Autoregressive + Chain of Thought = Recurrent: Recurrence's Role in Language Models' Computability and a Revisit of Recurrent Transformer

The Transformer architecture excels in a variety of language modeling tasks, outperforming traditional neural architectures such as RNN and LSTM. This is partially due to its elimination of recurrent connections, which allows for parallel training and a smoother flow of gradients. However, this move away from recurrent structures places the Transformer model at the lower end of Chomsky's computational hierarchy, imposing limitations on its computational abilities. Consequently, even advanced Transformer-based models face considerable difficulties in tasks like counting, string reversal, and multiplication. These tasks, though seemingly elementary, require a level of computational complexity that exceeds the capabilities of the Transformer architecture. Concurrently, the emergence of ``Chain of Thought" (CoT) prompting has enabled Transformer-based language models to tackle tasks that were previously impossible or poorly executed.

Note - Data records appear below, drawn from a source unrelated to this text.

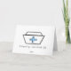 Cartão de saudação "Obrigado", fundo azul claro com listras brancas e design de enfermeiro.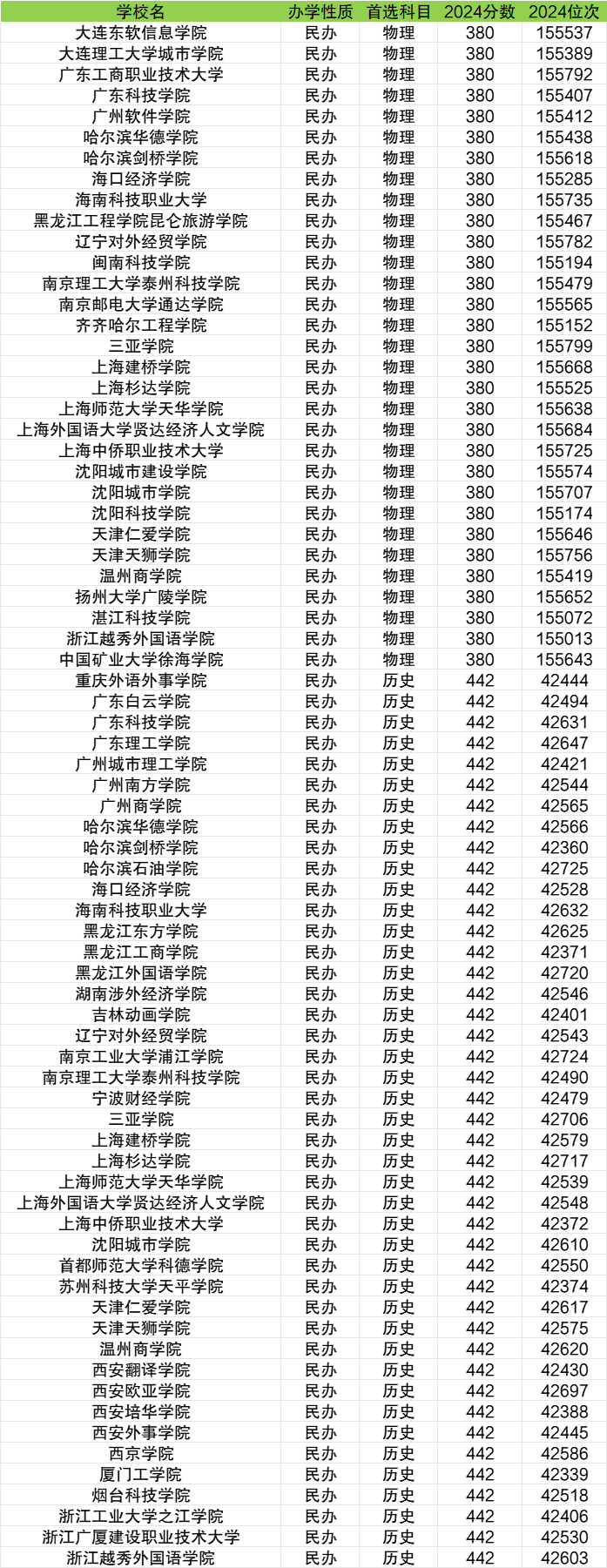 历史类本科线最低的民办大学有浙江越秀外国语学院、厦门工学院、烟台科技学院等,2024年最低分为442分(刚好为本科线分数),对应最低位次为42725名。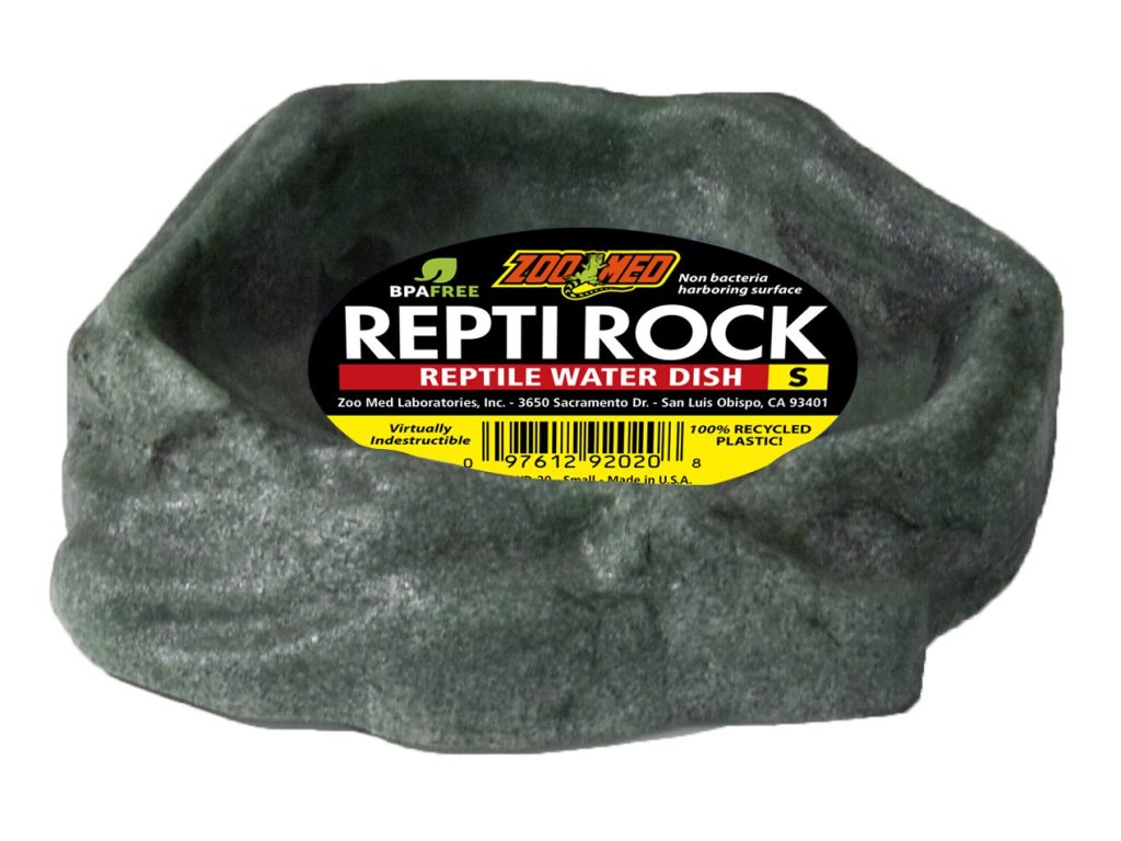 Miska na vodu pro plazy a další terarijní zvířata v designu, který připomíná kámen, díky čemuž ladí do interiérů většiny terárií a neruší celkový estetický dojem. Miska je nízká, takže se do ní zvířata snadno dostanou. Vnitřek misky je hladký a bez pórů pro snadné omývání a zamezení růstu bakterií. Vyrobeno ze 100% recyklovaného plastu. Bez BPA.

In this work, we thoroughly investigate the influence of recurrent structures in neural models on their reasoning abilities and computability, contrasting the role autoregression plays in the neural models' computational power. We then shed light on how the CoT approach can mimic recurrent computation and act as a bridge between autoregression and recurrence in the context of language models. It is this approximated recurrence that notably improves the model's performance and computational capacity. Moreover, we revisit recent recurrent-based Transformer model designs, focusing on their computational abilities through our proposed concept of ``recurrence-completeness" and identify key theoretical limitations in models like Linear Transformer and RWKV. Through this, we aim to provide insight into the neural model architectures and prompt better model design.